I’m working on a project that involves pre-training GPT-2 style transformers up to GPT-2 medium size (using DDP on 8 A6000s, up to 15B tokens, with AdamW). I’m somewhat confused about how to choose the right batch size for this, and was wondering if anyone has thoughts?
Papers like the GPT-3 paper seem to use a batch size of ~250K tokens (so 250 sequences of 1000 tokens, or 125 sequences of 2000 tokens) for models of GPT-2 Small size, but empirically batch sizes of more like 100K seem to do much better early in training. But maybe they make training noisier which makes the point of convergence higher? I’m unsure!

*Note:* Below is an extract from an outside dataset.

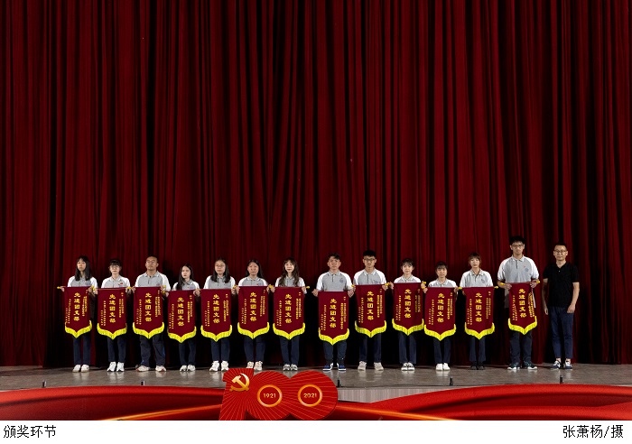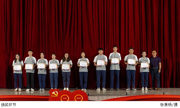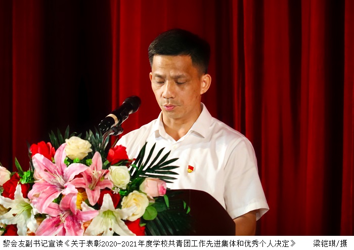 黎会友副书记宣读《关于表彰2020-2021年度学校共青团工作先进集体和优秀个人的决定》。领导们分别为2020-2021年度优秀共青团员、优秀共青团干部、先进团支部、十佳团支部书记、十佳共青团集体、五四灯塔引领之星、五四红旗团委;肇庆市优秀学生骨干、优秀共青团员、优秀共青团干部、优秀学生会、五四红旗团(总)支、五四红旗团委;广东省优秀学生骨干、优秀学生会颁奖。

The main paper I’ve found which seems to think about this is An Empirical Model of Large-Batch Training, which reasons about finding the maximum sensible batch size, but I’m not sure how to interpret it re what happens if you choose smaller batch sizes - does it even matter?
Hey @NeelNanda , I’m facing a similar question at the moment, where according to papers like GPT3 the more tokens per batch the better, but it doesn’t sit with other papers as well with theory of deep learning models in general as I know.
Did you get any conclusions on this? I’d love to hear if you do!
Summary:The batch size governs the training speed and shouldn’t be used to directly tune the validation set performance. Often, the ideal batch size will be the largest batch size supported by the available hardware.